**Problem**
Beginning with the line below that contains "图:博鳌亚洲论坛理事会当选成员与媒体见面 2002年04月11日 19:34" and ending with the line that contains "男,32岁,确诊左颞叶胶质母", retype every line exactly. Pictures are not copied.

**Exercise data**
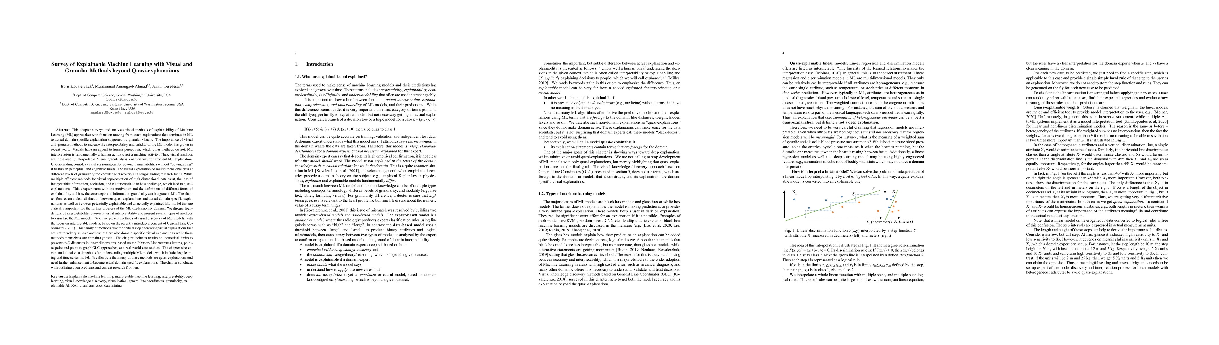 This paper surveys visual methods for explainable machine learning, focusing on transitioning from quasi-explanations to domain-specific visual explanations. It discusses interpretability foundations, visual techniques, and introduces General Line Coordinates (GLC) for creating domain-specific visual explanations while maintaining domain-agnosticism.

--

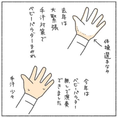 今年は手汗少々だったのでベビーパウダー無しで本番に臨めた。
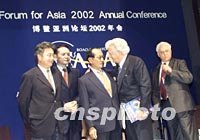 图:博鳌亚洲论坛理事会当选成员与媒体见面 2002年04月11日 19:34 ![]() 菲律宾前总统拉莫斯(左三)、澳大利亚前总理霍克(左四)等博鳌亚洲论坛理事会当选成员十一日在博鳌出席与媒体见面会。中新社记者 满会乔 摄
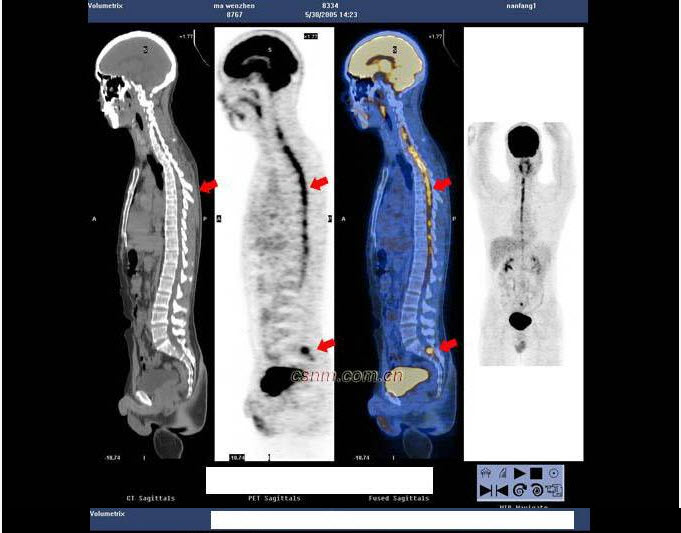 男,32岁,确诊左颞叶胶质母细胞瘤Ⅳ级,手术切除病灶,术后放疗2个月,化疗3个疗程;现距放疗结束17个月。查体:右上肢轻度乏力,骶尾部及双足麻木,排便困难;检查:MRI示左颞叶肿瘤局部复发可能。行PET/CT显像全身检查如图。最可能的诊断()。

**Result of the task**
 图:博鳌亚洲论坛理事会当选成员与媒体见面 2002年04月11日 19:34 ![]() 菲律宾前总统拉莫斯(左三)、澳大利亚前总理霍克(左四)等博鳌亚洲论坛理事会当选成员十一日在博鳌出席与媒体见面会。中新社记者 满会乔 摄
 男,32岁,确诊左颞叶胶质母细胞瘤Ⅳ级,手术切除病灶,术后放疗2个月,化疗3个疗程;现距放疗结束17个月。查体:右上肢轻度乏力,骶尾部及双足麻木,排便困难;检查:MRI示左颞叶肿瘤局部复发可能。行PET/CT显像全身检查如图。最可能的诊断()。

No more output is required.